There are a set of T-step trajectories \(M = {\xi (i)}_{i=1}^n\) generated by a fixed stochastic policy \(\pi _b\), known as the behavior policy. The goal of OPE is to find an estimator \({\widehat{\upsilon }}^{\pi _e}_T\) that makes use of the data generated from running \(\pi _b\) to estimate the performance of another evaluation policy \(\pi _e\).
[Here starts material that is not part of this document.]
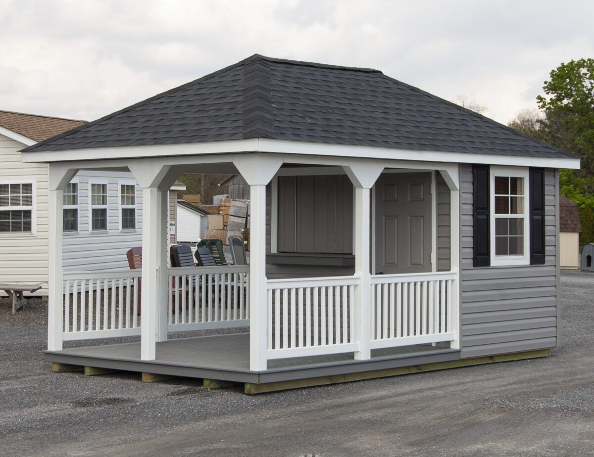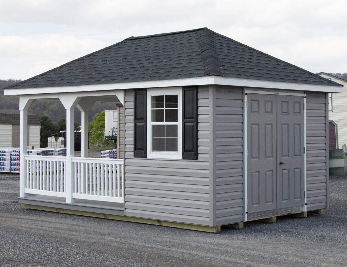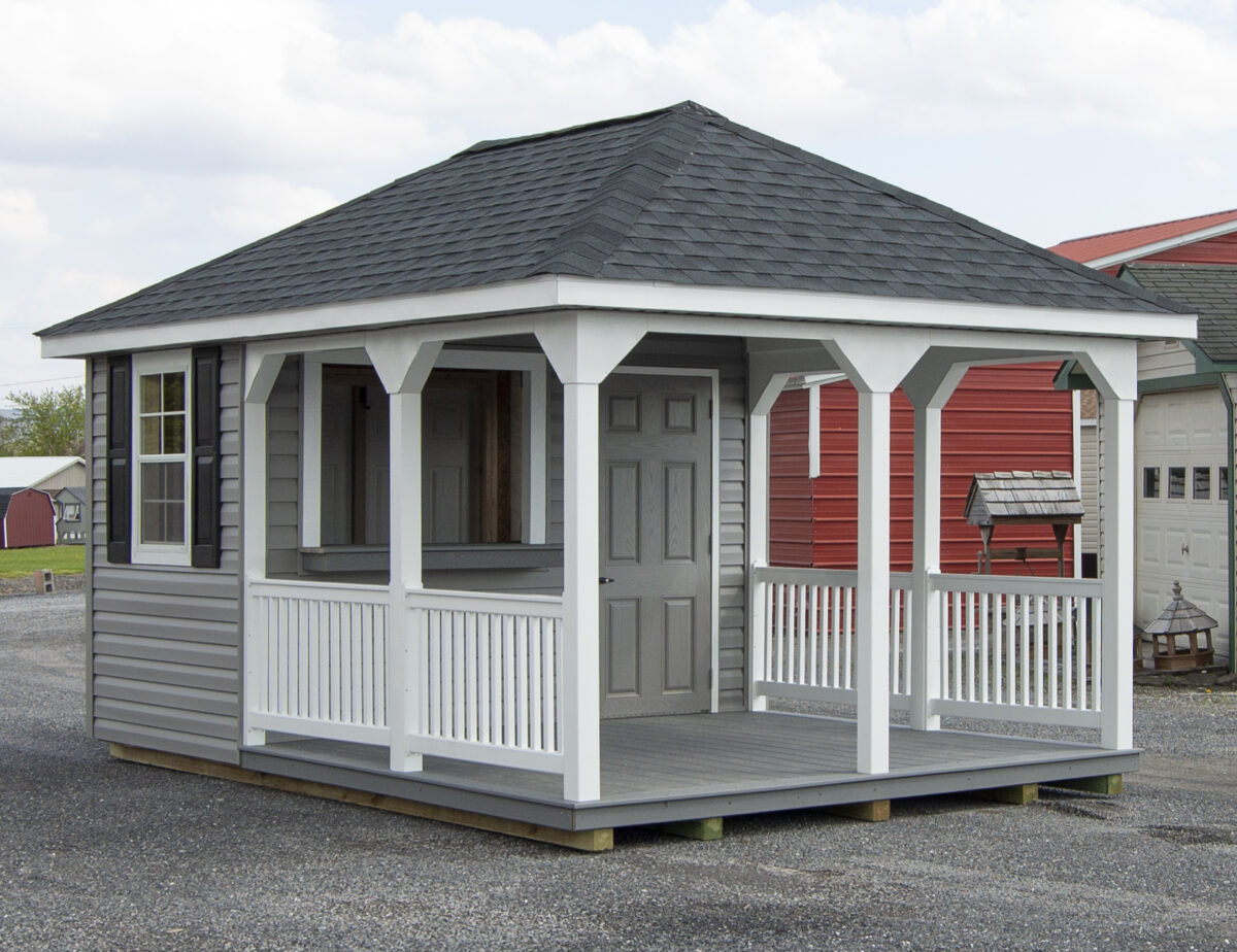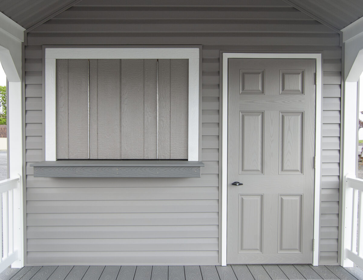 This unique building is way more than your average shed! It’s a beautiful structure that can turn any backyard into a unique entertaining space. Or place it by the pool and create a place to relax out of the sun! It features a porch with composite decking and vinyl railing. It also includes a storage area perfect for pool toys, towels, etc. It even has a serving window opening and counter for setting up snacks and drinks!

The estimator will have good performance if it has low mean square error (MSE), i.e., \(MSE = E_{P_{\xi }^{\pi _b}}[({\widehat{\upsilon }}^{\pi _e}_T-\upsilon ^{\pi _e}_T)^2]\), where \({\widehat{\upsilon }}^{\pi _e}_T\) and \(\upsilon ^{\pi _e}_T\) denote an estimated value and the real value of \(\pi _e\), respectively.

One major type of approaches is Importance Sampling (IS) that uses a cumulative importance ratio term to correct the mismatch between the distributions under the behavior policy and the target policy [23]. In the IS estimator, the performance of \(\pi _e\) can be expressed as the mean of n trajectories: \(V_{IS}^{\pi _e}=\frac{1}{n}\sum _{k=1}^{n}V_{IS}^{\pi _e(k)} =\frac{1}{n}\sum _{k=1}^{n} \sum _{t=1}^{T} \omega _{0:t}^{(k)} \gamma ^t r_t^{(k)}\), where \(\omega _{0:t}^{(k)}= \prod _{t=0}^T \frac{\pi _e(a_t|s_t)}{\pi _b(a_t|s_t)}\) is cumulative importance ratio of the kth trajectory, and \(r_t^{(k)}\) is the expected reward function at time t of the kth trajectory. Since IS corrects the difference between \(\pi _b\) and \(\pi _e\) based on the accumulated reward along the whole trajectory, it can provide unbiased estimate of the value of \(\pi _e\). However, IS methods are notorious for its high variance, especially when there is a big difference between the distributions of the evaluation and behavior policies, and the horizon of the RL problem goes long [24]. Doubly Robust (DR) methods are then proposed by adding estimated value functions into the IS estimator in order to achieve low variance of IS and low bias of model-based methods [22]. In the DR estimator \(V_{DR}^{\pi _e}=\frac{1}{n}\sum _{k=1}^{n}V_{DR}^{\pi _e(k)}\), where \(V_{DR}^{\pi _e(k)} = {\widehat{V}}(s)+\frac{\pi _e(a|s)}{\pi _b(a|s)}(r-{\widehat{R}}(s, {a}))\). Here, \({\widehat{V}}(s)= E_{a \sim \pi _b}[\frac{\pi _e(a|s)}{\pi _b(a|s)} {\widehat{R}}(s, {a})]\), and \({\widehat{R}}(s, {a})\) is an estimate of the observed stochastic return r, and can be estimated possibly by performing regression over the n T-step trajectories. Provided \({\widehat{R}}(s, {a})\) is a good estimate of r, the magnitude of \(r-{\widehat{R}}(s, {a})\) can be much smaller than r, which can lead to lower variance of the DR estimator compared to IS. Omitting the notation of trajectory k hereafter, the single-step updated formula of DR can be extended to sequential settings as \(V_{DR}^{T-t+1} := {\widehat{V}}(s_t)+\omega _{0:t}(r_t+\gamma V_{DR}^{T-t}-{\widehat{Q}}(s_t, a_t))\) [22]. While several extensions to DR have been proposed in recent years [25], the DR estimators still face the problem in general model-based estimators regarding how well the value functions can be estimated.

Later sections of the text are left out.